Thursday, 19 November 2009

Outsourced biodiversity

Just read (or, more accurately, skim-read) an article in Nature about Gretchen Daily and ecosystem services. She's a big advocate for the latter, and the article reviews the topic and the dollar estimates placed upon the benefits we, usually unknowingly, accrue from the Earth. An early estimate for global services was $33 trillion per year, which is not far off its economic "equivalent", Gross World Product, estimated at $41 trillion.

One of the attractions of this presentation of ecology, aside from it accurately telling us something important about the infrastructure that supports our civilisation, is that it provides a backdoor route for protecting biodiversity. By (necessarily) summarising the beneficial effects, it encourages the preservation of intact ecosystems, regardless of whether the constituent organisms are cute and cuddly or over-limbed and venomous.

However, the article goes on to make a point that's inherent in the concept of ecosystem services, but which I'd not thought much about before. Basically, what happens if your ecosystem services can be outsourced to a less biodiverse alternative? The specific example given in the article is the replacement of a complex native habitat with a "monotonous plain of non-native grass [that] delivers better and cheaper ecosystem services, measured in water filtration, carbon sequestration and flood protection".

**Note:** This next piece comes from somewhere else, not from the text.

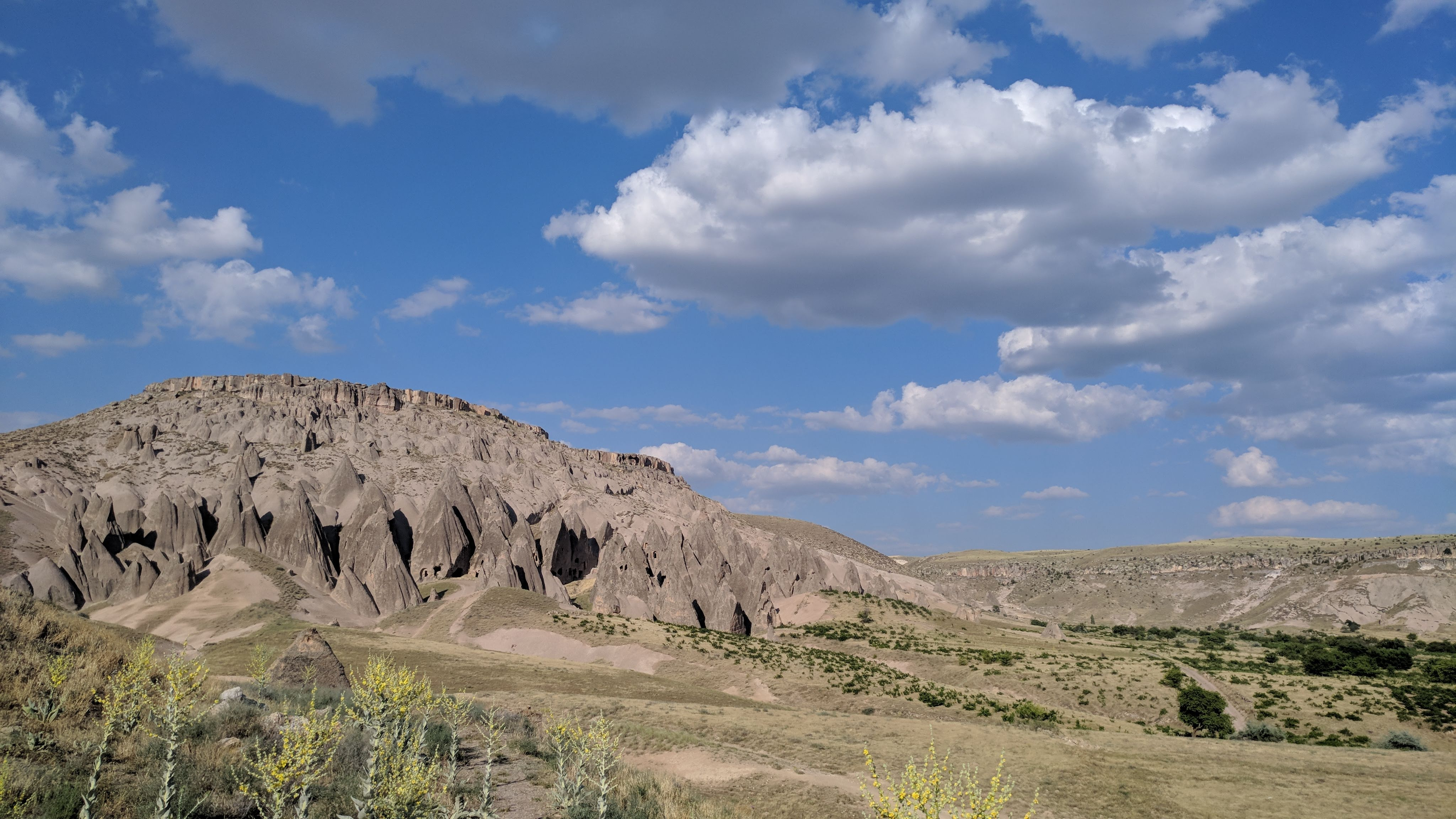 Fairy Chimneys are also present in some parts of Aksaray.

Put this way, the concept of ecosystem services could be applied to determine the "minimum specification" ecosystem that will provide the required outputs without trimmings such as newts and nematodes. Of course, diverse natural ecosystems generally deliver more than just a couple of core services, but they also (presumably) contain redundancies in the form of species that contribute no anthropic benefits. Faced with a small number of preferred system outputs and the choice between a simple managed system, and one which includes all of nature's glory, it's easy to see how biodiversity could take a backseat.

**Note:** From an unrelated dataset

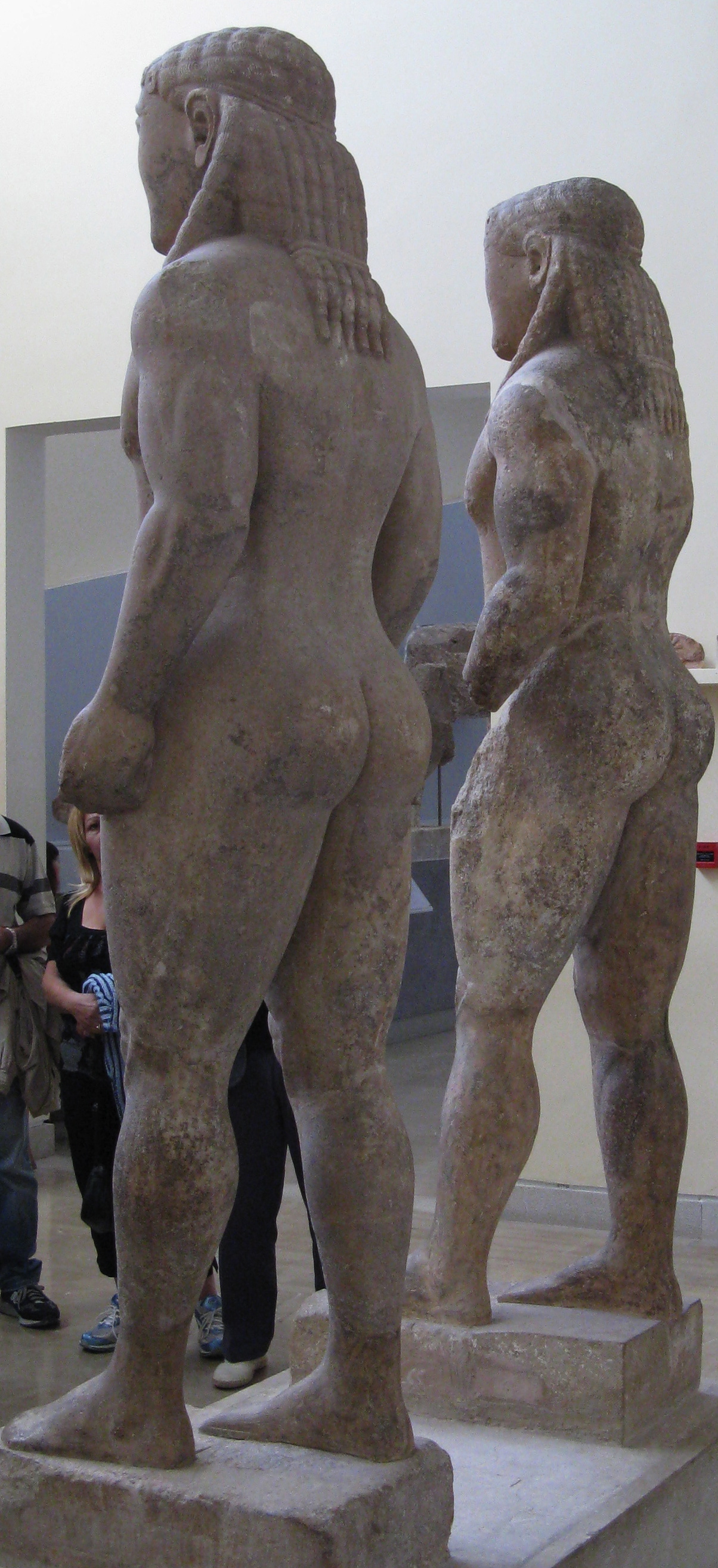 Life size marble statues of Kouroi. They were formely known as Kleobis and Biton, but are nowadays considered to represent the Dioscuri, the sons of Zeus, Begining of 6th c BC. Location: Archaeological Museum of Delphi.

Admittedly, the argument could be made that we don't understand ecosystems well enough to ever be faced with such a bald choices, and there's something in this. We've got a pretty good idea how the major players in ecosystems operate, but the full breadth of interactions escapes us, and there are plenty of examples from ecology of where numerically "irrelevant" species play a key role. Furthermore, even ostensibly human environments such as cities become home to a range of unanticipated species (good, bad and ugly), and any engineered ecosystem is liable to be similarly infested and affected. So, for the foreseeable future, largely intact ecosystems are likely to be cherished (in that special "marginalised unless vital" sense).

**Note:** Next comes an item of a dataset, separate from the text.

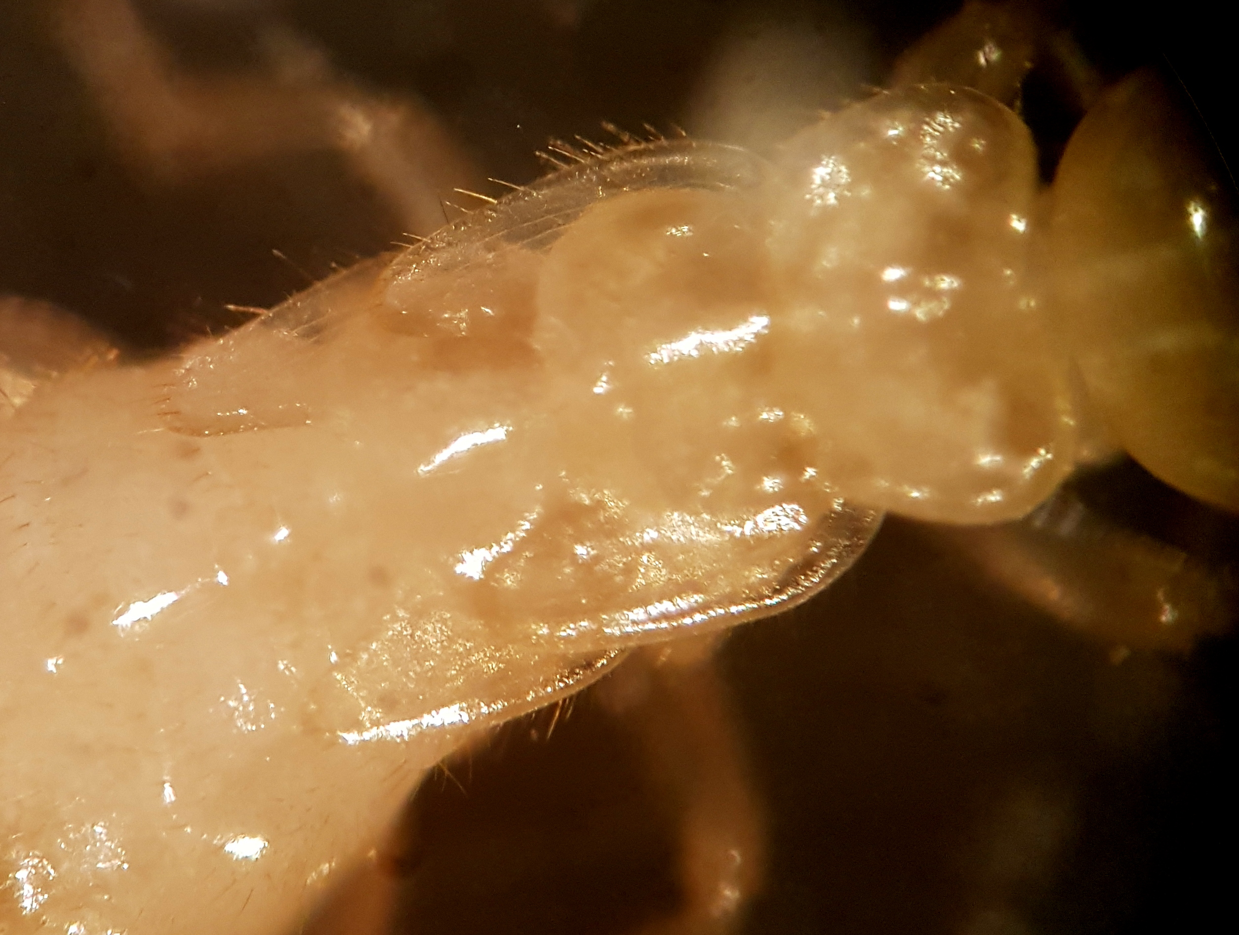 Photographed through a stereo microscope. This individual was part of a captive colony originally collected in France.

But this does makes one realise that we need more than a utilitarian argument for retaining biodiversity. That might halt the barbarians at the gate for a while, but it's not enough that our fellow non-human residents of Earth "merely" close the loops of the planet's biogeochemical cycles, we need to think beyond this. Essentially, we need to factor in a moral dimension to biodiversity, and we need to be able to sell this plausibly when the ecosystem engineers come knocking.